BEGIN RECORDS TO USE
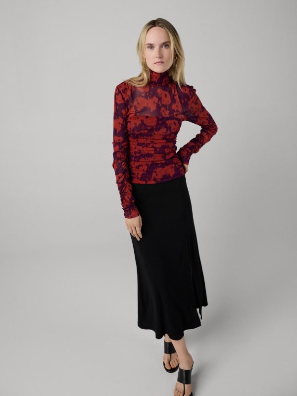 The Piper is an effortless turtleneck in soft, stretchy mesh—ideal for transitioning between seasons.
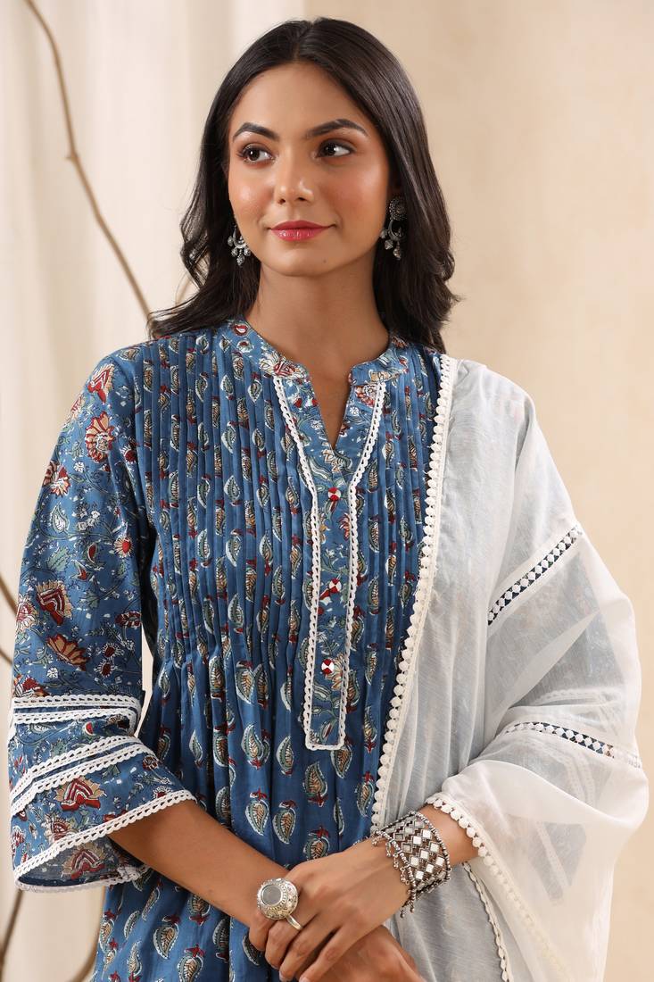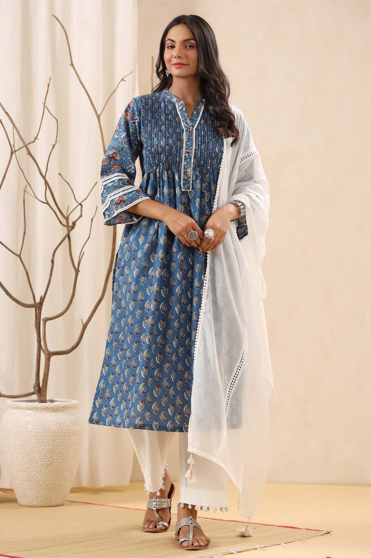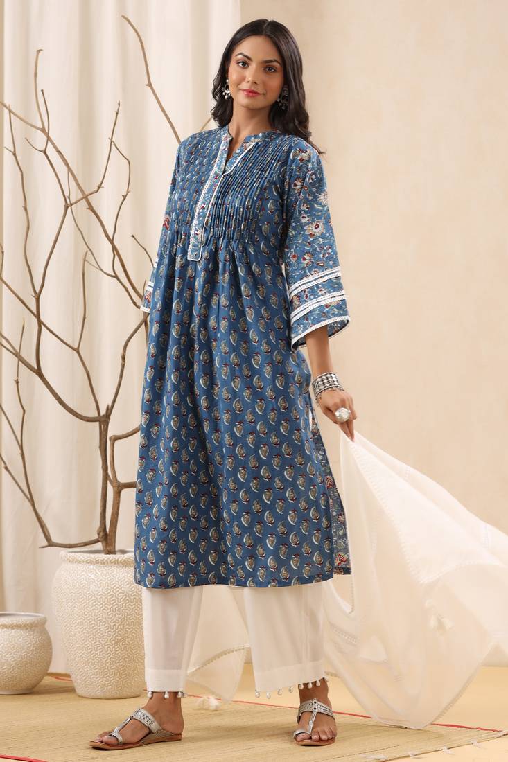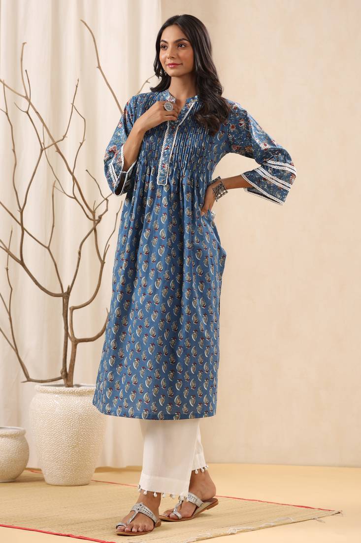 | Product Name | Blue Printed Pintucked Detailing Cotton Kurta | |
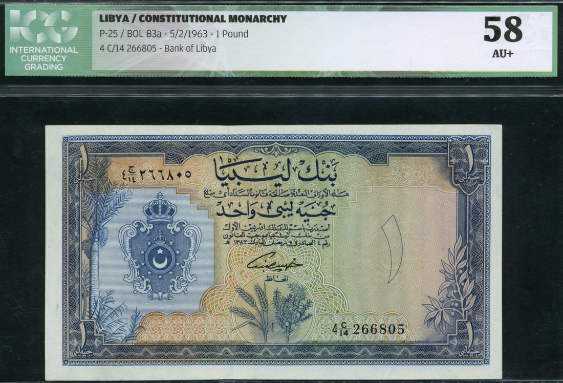 (x) Bank of Libya, 1 pound (2), 1963, serial numbers 4 C/14 266804-805, blue on multicolour underprint, arms at left, value at right and each corner
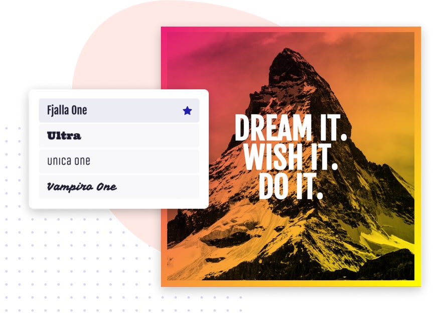 …sometimes you want a couple more! If this is the case, our editor has you covered. Easily add text with pretty much any font you could want. Add your own fonts, choose from our vast library, or pull from Google fonts right in the built-in font manager. Add in some graphics to make your text stand out, or get really creative and fill your text with an image! If you want to take your design to the next level, you can use our Graphic Designer tool to easily create elaborate designs with your photos, text, graphics, and other visual elements.
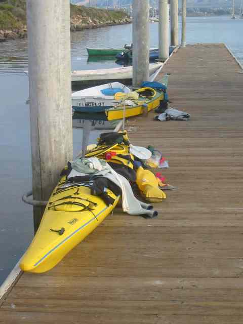 Konstantin’s wife Linda was going to be at Hearst’s Castle on this day and was going to try to visit us on her way by. There was no good place to get out of the sun on the spit where we planned to camp, which is a State Park and probably off limits to campers So we decided to land at a public dock across the bay in the city of Morro Bay. We changed into street clothes and hung around until 7:00 PM waiting to see in Linda would show up, but she never did. The city park did have water for us to re-fill our water bags, but in retrospect it was not a very nice way to spend the afternoon. We had to practically unpack our boats on the dock to get just some of our stuff out. The city park did not have anyplace to get out of the sun, so we might as well have been camped on the dunes. Sitting around in a tourist town was not our kind of camping trip.
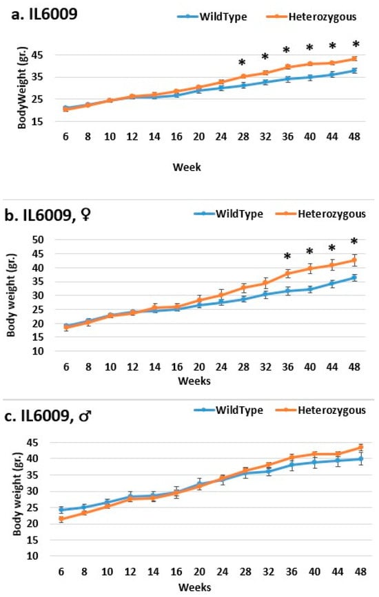Body weight changes in wild-type and Smad4+/− mice at 14 time points for line IL6009 (6–48 weeks old). The X-axis depicts time points (in weeks), while the Y-axis depicts body weight values. From week 14 through to the end of the period, one may observe a difference in the weight of mutant mice compared to that of control mice in both the (b) female and (a) overall groups. Only from week 28 is a significant difference in the overall group demonstrated, and, starting from week 36, a significant difference is demonstrated in the female group. In the male group (c), there was no significant change; until week 12, the control group weighed more than the mutant. From the start through to the end of the experiment, the mutant mice weighed more than the control mice, but the difference was not significant. * Shows a significant variation between the two lines (values) at the specific time point.
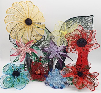 Großformatige XXL-Blüten bis Mini-Blüten – bald verschönern Sie damit Ihr Heim oder Ihren Garten. Einfache Gründe kombiniert mit einer markanten Umrandung setzen die Objekte in Szene. Die Umrandung sorgt für genügend Stabilität. Geklöppelt wird mit einem speziellen Garn für draußen. Durch eine Zusatzbehandlung sind die Blüten „ganzjahres-freiland-tauglich“.
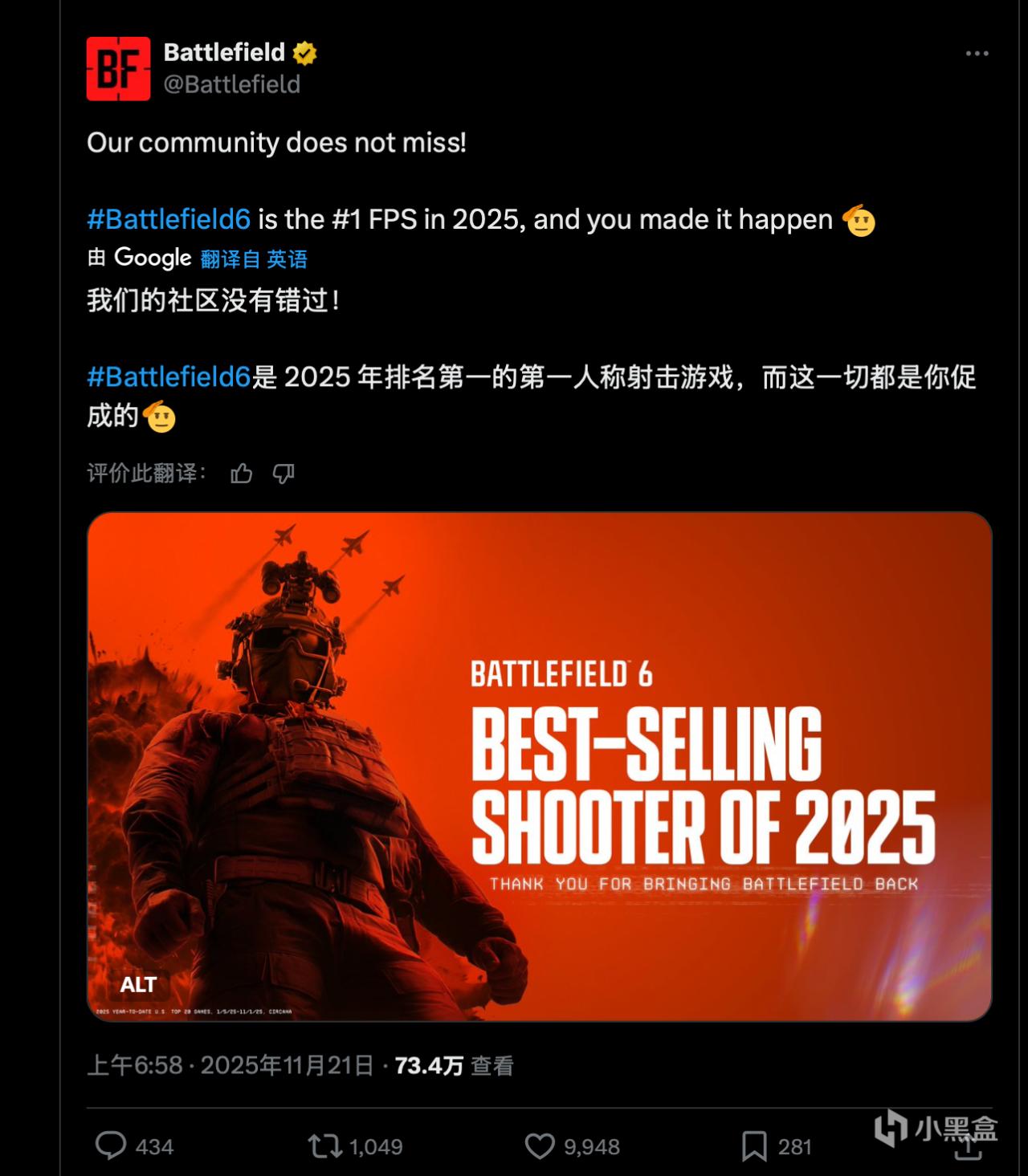 《战地 6》自 10 月初发售以来的表现就远超预期。发售初期,仅 Steam 平台就创下 75 万同时在线玩家的成绩,首周末销量更是突破 700 万份。
END RECORDS TO USE
## WHAT NEEDS TO BE DONE
Omit the pictures. Repeat the rest of the data exactly.

## OUTPUT OF THE TASK
 The Piper is an effortless turtleneck in soft, stretchy mesh—ideal for transitioning between seasons.
 | Product Name | Blue Printed Pintucked Detailing Cotton Kurta | |
 (x) Bank of Libya, 1 pound (2), 1963, serial numbers 4 C/14 266804-805, blue on multicolour underprint, arms at left, value at right and each corner
 …sometimes you want a couple more! If this is the case, our editor has you covered. Easily add text with pretty much any font you could want. Add your own fonts, choose from our vast library, or pull from Google fonts right in the built-in font manager. Add in some graphics to make your text stand out, or get really creative and fill your text with an image! If you want to take your design to the next level, you can use our Graphic Designer tool to easily create elaborate designs with your photos, text, graphics, and other visual elements.
 Konstantin’s wife Linda was going to be at Hearst’s Castle on this day and was going to try to visit us on her way by. There was no good place to get out of the sun on the spit where we planned to camp, which is a State Park and probably off limits to campers So we decided to land at a public dock across the bay in the city of Morro Bay. We changed into street clothes and hung around until 7:00 PM waiting to see in Linda would show up, but she never did. The city park did have water for us to re-fill our water bags, but in retrospect it was not a very nice way to spend the afternoon. We had to practically unpack our boats on the dock to get just some of our stuff out. The city park did not have anyplace to get out of the sun, so we might as well have been camped on the dunes. Sitting around in a tourist town was not our kind of camping trip.
Body weight changes in wild-type and Smad4+/− mice at 14 time points for line IL6009 (6–48 weeks old). The X-axis depicts time points (in weeks), while the Y-axis depicts body weight values. From week 14 through to the end of the period, one may observe a difference in the weight of mutant mice compared to that of control mice in both the (b) female and (a) overall groups. Only from week 28 is a significant difference in the overall group demonstrated, and, starting from week 36, a significant difference is demonstrated in the female group. In the male group (c), there was no significant change; until week 12, the control group weighed more than the mutant. From the start through to the end of the experiment, the mutant mice weighed more than the control mice, but the difference was not significant. * Shows a significant variation between the two lines (values) at the specific time point.
 Großformatige XXL-Blüten bis Mini-Blüten – bald verschönern Sie damit Ihr Heim oder Ihren Garten. Einfache Gründe kombiniert mit einer markanten Umrandung setzen die Objekte in Szene. Die Umrandung sorgt für genügend Stabilität. Geklöppelt wird mit einem speziellen Garn für draußen. Durch eine Zusatzbehandlung sind die Blüten „ganzjahres-freiland-tauglich“.
 《战地 6》自 10 月初发售以来的表现就远超预期。发售初期,仅 Steam 平台就创下 75 万同时在线玩家的成绩,首周末销量更是突破 700 万份。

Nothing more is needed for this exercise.